Hart Energy July 2022 - Hydraulic Fracturing Tech Book Frac Efficacy - Sterling Seismic pre-fracture S-wave diffraction illustration
This image shows pre-fracture S-wave diffraction. A baseline time lapse seismic survey was conducted using 91 surface seismic (P-wave Vibroseis) source points prior to hydraulic fracture stimulation of the well. Data was recorded via a fiber optic DAS cable cemented behind casing then processed using a diffraction summing algorithm. The resulting image is a depth image with the top of the image at an elevation of -7,000 ft. (Source: Sterling Seismic)
Hart Energy July 2022 - Hydraulic Fracturing Tech Book Frac Efficacy - Sterling Seismic post-fracture S-wave diffraction illustration
This image shows post-fracture S-wave diffraction. The second time-lapse seismic survey was recorded four months after the well had been hydraulically stimulated during which time flowback and production operations were executed. Data acquisition for the second survey was as near to identical as possible to the baseline survey data acquisition. The seismic data were processed in a surface consistent manner and the same diffraction summing algorithm was applied to the second survey as in the first survey. The post-frac image shows significantly more and higher-amplitude diffraction events than the pre-frac. (Source: Sterling Seismic)

“The real world’s not that simple,” Fuller said. “There are a lot of places where they overlay nicely, and some places where I see one and not the other.”

Further, he said, “I don’t have direct evidence that what I’m seeing is a wide fracture versus a thin fracture, but according to modeling, we should be able to see the amount of energy that comes from a diffractor is a function of the type of wave and the width.”

Sterling has been working with fiber optics company Ziebel.

“Ziebel does a lot of passive listening for reservoir gurgling,” Fuller said. “Where there’s a lot of gurgling or low-amplitude seismic signals, it is assumed that fluids are entering the borehole.”
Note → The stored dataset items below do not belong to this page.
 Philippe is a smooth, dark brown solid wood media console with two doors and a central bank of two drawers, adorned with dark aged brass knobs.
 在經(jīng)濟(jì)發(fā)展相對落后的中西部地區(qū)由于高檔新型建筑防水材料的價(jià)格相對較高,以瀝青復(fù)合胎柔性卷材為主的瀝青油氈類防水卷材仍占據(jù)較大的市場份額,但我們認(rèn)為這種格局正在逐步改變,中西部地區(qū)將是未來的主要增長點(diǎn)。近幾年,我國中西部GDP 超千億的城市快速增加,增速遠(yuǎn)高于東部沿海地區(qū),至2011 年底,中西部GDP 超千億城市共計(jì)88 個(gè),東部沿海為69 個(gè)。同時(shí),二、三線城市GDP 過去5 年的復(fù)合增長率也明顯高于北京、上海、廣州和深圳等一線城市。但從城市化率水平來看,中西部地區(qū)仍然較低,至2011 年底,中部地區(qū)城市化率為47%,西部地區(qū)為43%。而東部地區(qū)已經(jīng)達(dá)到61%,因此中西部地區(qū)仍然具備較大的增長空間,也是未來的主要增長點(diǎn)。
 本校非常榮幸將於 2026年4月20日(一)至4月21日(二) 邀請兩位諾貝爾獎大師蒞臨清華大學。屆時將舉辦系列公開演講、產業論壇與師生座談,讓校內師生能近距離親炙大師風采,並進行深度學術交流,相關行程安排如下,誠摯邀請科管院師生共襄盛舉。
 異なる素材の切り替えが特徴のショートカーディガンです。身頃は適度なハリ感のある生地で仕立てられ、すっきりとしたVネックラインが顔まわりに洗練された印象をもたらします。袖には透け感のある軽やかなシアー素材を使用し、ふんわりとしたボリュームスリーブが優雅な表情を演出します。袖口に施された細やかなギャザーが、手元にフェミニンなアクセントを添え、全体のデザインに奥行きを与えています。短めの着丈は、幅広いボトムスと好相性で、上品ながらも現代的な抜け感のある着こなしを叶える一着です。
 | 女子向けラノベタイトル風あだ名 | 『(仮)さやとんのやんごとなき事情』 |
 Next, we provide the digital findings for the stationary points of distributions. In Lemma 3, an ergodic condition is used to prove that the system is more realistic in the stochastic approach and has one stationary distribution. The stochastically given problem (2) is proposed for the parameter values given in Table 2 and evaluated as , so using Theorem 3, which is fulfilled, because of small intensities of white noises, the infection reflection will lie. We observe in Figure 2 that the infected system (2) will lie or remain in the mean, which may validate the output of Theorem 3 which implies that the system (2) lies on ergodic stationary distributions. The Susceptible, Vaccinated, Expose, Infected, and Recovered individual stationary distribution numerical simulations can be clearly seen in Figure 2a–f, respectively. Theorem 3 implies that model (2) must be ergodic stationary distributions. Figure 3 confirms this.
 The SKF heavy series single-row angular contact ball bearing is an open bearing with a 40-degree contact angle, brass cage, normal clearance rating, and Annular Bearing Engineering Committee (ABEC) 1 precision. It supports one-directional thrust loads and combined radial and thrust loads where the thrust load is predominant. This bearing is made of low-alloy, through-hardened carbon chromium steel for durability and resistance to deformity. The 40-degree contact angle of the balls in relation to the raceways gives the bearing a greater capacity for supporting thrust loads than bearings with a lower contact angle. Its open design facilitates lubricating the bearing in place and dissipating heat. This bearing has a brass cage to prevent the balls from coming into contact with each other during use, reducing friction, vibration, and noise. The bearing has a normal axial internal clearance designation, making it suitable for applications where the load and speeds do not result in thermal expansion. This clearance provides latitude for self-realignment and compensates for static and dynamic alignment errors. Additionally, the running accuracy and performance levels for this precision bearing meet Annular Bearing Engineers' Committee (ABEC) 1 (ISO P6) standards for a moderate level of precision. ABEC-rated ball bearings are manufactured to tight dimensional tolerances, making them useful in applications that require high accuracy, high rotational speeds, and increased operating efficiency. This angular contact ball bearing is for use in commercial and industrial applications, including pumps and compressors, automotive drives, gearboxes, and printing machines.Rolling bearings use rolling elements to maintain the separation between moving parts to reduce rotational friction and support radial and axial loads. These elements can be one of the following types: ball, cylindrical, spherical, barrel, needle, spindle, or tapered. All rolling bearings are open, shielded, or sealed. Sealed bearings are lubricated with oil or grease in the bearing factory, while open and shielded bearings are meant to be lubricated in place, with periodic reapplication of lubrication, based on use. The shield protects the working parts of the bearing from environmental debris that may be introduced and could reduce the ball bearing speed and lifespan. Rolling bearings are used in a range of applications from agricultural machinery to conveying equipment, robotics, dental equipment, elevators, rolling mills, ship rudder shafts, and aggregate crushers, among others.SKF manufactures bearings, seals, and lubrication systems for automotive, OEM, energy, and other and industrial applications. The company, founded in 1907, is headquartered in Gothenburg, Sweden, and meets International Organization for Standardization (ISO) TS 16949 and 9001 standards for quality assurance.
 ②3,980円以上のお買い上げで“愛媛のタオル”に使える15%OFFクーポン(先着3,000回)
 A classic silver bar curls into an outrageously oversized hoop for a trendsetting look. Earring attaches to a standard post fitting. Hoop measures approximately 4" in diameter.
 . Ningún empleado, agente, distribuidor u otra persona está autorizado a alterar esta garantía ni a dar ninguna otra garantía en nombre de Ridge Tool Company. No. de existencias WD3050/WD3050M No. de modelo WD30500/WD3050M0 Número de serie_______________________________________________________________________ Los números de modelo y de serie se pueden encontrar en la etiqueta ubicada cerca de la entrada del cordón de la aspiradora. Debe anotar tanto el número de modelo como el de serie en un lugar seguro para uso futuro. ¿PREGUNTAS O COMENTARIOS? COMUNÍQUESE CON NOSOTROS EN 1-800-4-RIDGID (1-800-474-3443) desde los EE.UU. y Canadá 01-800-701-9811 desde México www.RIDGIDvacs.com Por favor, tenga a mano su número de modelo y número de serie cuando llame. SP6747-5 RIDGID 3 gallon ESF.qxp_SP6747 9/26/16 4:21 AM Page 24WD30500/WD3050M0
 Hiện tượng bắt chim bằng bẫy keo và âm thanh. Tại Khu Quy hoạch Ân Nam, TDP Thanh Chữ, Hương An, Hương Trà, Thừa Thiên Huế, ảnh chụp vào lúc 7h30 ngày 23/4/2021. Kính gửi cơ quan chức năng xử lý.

And as long as there is fiber in the borehole and a seismic source at the surface, Sterling can apply the AI-based technology.

Hart Energy July 2022 - Hydraulic Fracturing Tech Book Frac Efficacy - Sterling Seismic time lapse seismic reflection and time-lapse velocity changes compared to production rates illustration
This image shows time lapse seismic reflection and time-lapse velocity changes compared to production rates. The same Vibroseis dataset that was used to produce diffraction images was also used to produce time lapse reflection images below the well. This figure shows the post-frac P-wave reflection image below the wellbore along with an oil production log (black graph) produced by passive recording on a fiber optic DAS cable. (Source: Sterling Seismic)

Because reservoirs change over time, Fuller said, this type of assessment can provide operators a lot of value.

“Fractures open and they close,” he said. “If there’s pressure drawdown in one area of the reservoir, then stress is reduced elsewhere.”

Fractures may have been closed in a high-stress area but the fractures can open in response to the reduced stress, he added. As such, it could lead to production in other areas.

“These reservoirs change over time, and where fluids are coming into borehole changes through time,” Fuller said. Repeating the assessment of a wellbore over time helps show where those changes are happening.

“If at one time a well produces from one location but another part of the well never sees production, then there is potential to profitably refract that non-productive area,” he said. “We know there may be virgin production we’ve never even touched there.”

Sterling has applied this technology to fields in the mid-continent basins, so the next step is to commercialize it.